Fight instead for cotton and for gold across the sea,
Fight instead for oil, by which wondrous highways rise;
Call it 'cost of freedom' when some loyal soldier dies. 

 Freedom shall be given; and no longer under heel,
All may follow reason, or be slaves to what they feel;
Freedom to be counted, and to rise to speak your say:
Be as free as e'er you please -- as long as you obey. 

 Babel rose in glory as the railroads ran on steam,
Bearing stones of science quarried from the land of dream,
Bearing hopes and horrors such as gods alone can make,
Weapons for the grasping hands that from the rajahs take. 

 Close the plains and commons; there's a profit there to find;
Push the peasants off the land lest any speak their mind;
Bring them, though they kick, into the progress of the age,
Teaching all that liberty is working for a wage. 
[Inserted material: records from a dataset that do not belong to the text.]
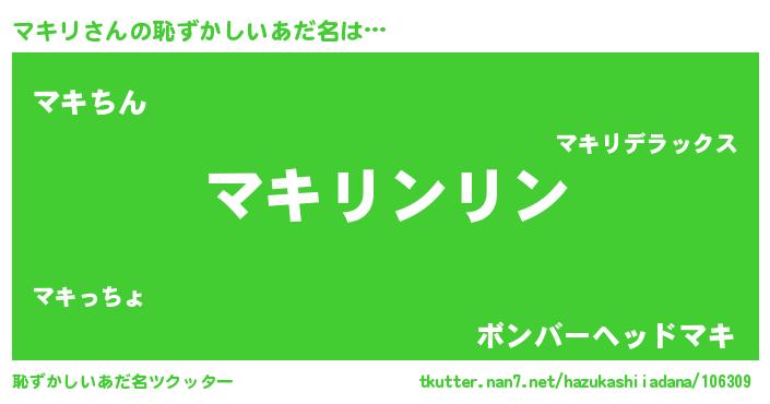 | ヘコむあだ名 | 『マキを』『マキリ(笑)』『つくし』 |
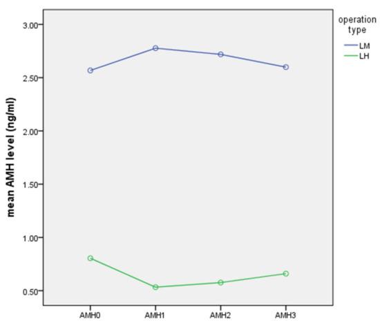 Comparing serial AMH levels within each group by ANOVA revealed that AMH changes were not statistically significant in the LH (p = 0.468) and LM (p = 0.998) groups.
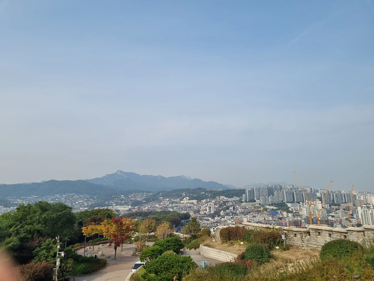 북으로 보니 북한산, 도봉산, 북악산, 인왕산이 보이고
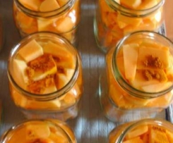 Die Menge ergab bei mir 6 Gläser a 300g Kürbisstifte.
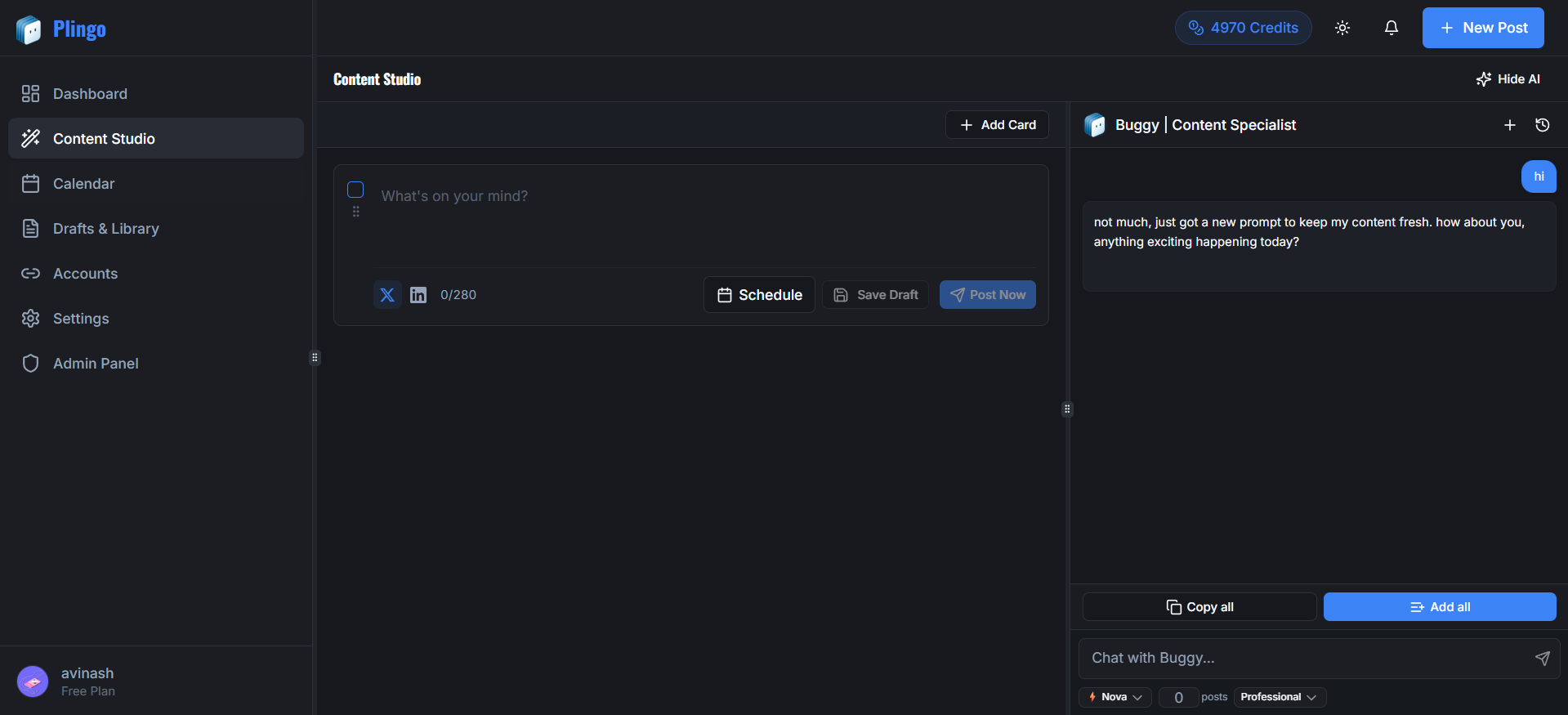 Beyond basic scheduling, Plingo incorporates smart features like timezone-aware posting, draft management, and post analytics to help users understand what resonates with their audience. The platform was designed with scalability in mind, ready to support additional platforms and team collaboration features as it evolves.
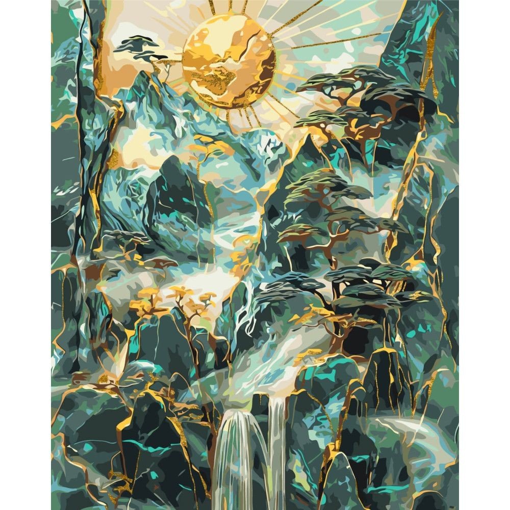 Опис Картина по номерах з фарбами металік "Ранкові гори" 40х50 см
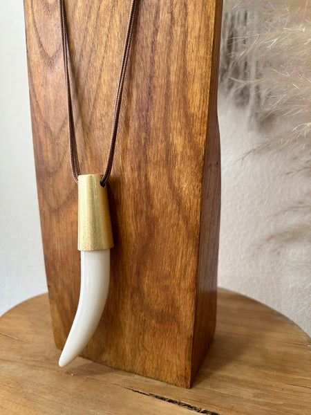 Colar comprido em cordões de algodão, com pendente em acrílico e detalhe em dourado escovado, corrente de ajuste e fecho lagosta
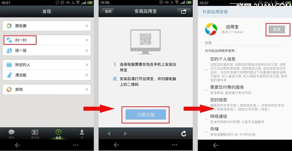 2、用手机扫描电脑上的二维码下载应用宝完整版。以微信为例:打开微信“扫一扫”扫描电脑上的二维码成功后点击“立即安装”即可下载应用宝完整版到手机上安装。
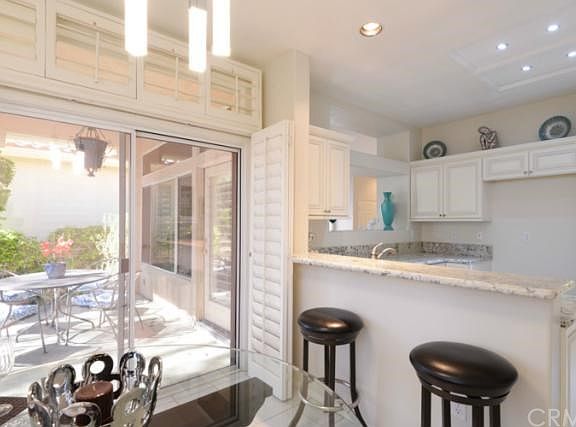 Sun City Palm Desert. This home has it all and then some. 10' ceilings, Fully Remodeled Kitchen with custom cabinets, granite, new plumbing fixtures and stainless steel appliances. Updated Chandeliers in the dining and breakfast areas. Baths are also fully remodeled with custom cabinets, granite counters, new faucets, LED lighting and glass shower doors. Freshly painted interior. Whole house electrostatic air filter, keyless entry on the front door, Plantation Shutters throughout. Enclosed backyard with covered patio and automatic lighting in both the front and back yards. Washer and Dryer are included. The perfect location allows you walking distance to the main clubhouse. The 2 additional clubhouses, 2 golf courses, shopping, dining and banking are accessible via golf cart. No need to access the public roads !! This home is a true showplace and a must see. Sun City offers Indoor/Outdoor Pools, State of the Art Fitness facilities, restaurants, meeting rooms, library, ballroom, auditorium, billiards room, plus a private RV lot. And don't forget the low HOA dues include fiber optic TV service with premium channels of 16 Showtime and 14 HBO channels !!!
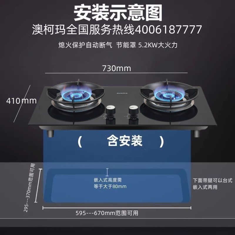 澳柯玛天然气台式嵌燃气灶液化气煤气双灶小开孔大火力电子打火灶
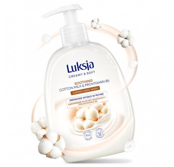 Kremowy, przyjazny dla skóry płyn do kąpieli Luksja Mleczko bawełniane i Prowitamina B5 zawiera Bio Milk Complex, mleczko bawełniane i prowitaminę B5, wykazujące nawilżające właściwości. Rozpieści Twoją skórę, pozostawi ją miękką i gładką. Zanurz się w wannie pełnej bogatej, pielęgnującej, przyjemnie pachnącej piany!

 'Prince of powers of the air' you thought was but a name;
Rumor broadcast on the air is power just the same:
Do your part and buy with thanks the fruits we advertise:
Factories, plastic, cars, and silver planes to fill the skies. 

 Life is like tradition; it is something handed down,
Being as you were before, heritage as crown;
Thirsting to be like the gods, we break the ties of past.
Ages born of breaking, though, unbroken cannot last. 

 Solving every problem will a newer problem form;
Never will the lightning-fire save you from the storm.
Yet you shall be mighty, and as wise as gods on thrones,
Ruling land and sea and air till darkness takes your bones. 

 Greater shall you flourish, day by day, and year by year,
Greater in accomplishment for which you pay so dear;
Greater than the gods of old will ever men arise;
Greater till they are no more and every wonder dies. 

 Might on might will pile, like a tower that you build;
Moving all by reason, lightning's power you will wield;
Up and up to heaven, with your limit only sky,
You yourself betraying you while never knowing why: 

 Every age in splendor has a doom, that it must pass;
Every age of might reveals the serpent in the grass.

Writing Poetry

 I wrote a word.
 The word then grew
 and turned into a forest fair
 that perfume-scented evening air,
 extending, out-lending, itself everywhere,
 ten myriad thousand trees in brightest, brilliant green
 and thick with bowing branches and laughing, leafy stem;
 the trees from dawn to blazing noon to gently falling evendim
would speak new words
to forest beasts and birds
that never human ear had heard.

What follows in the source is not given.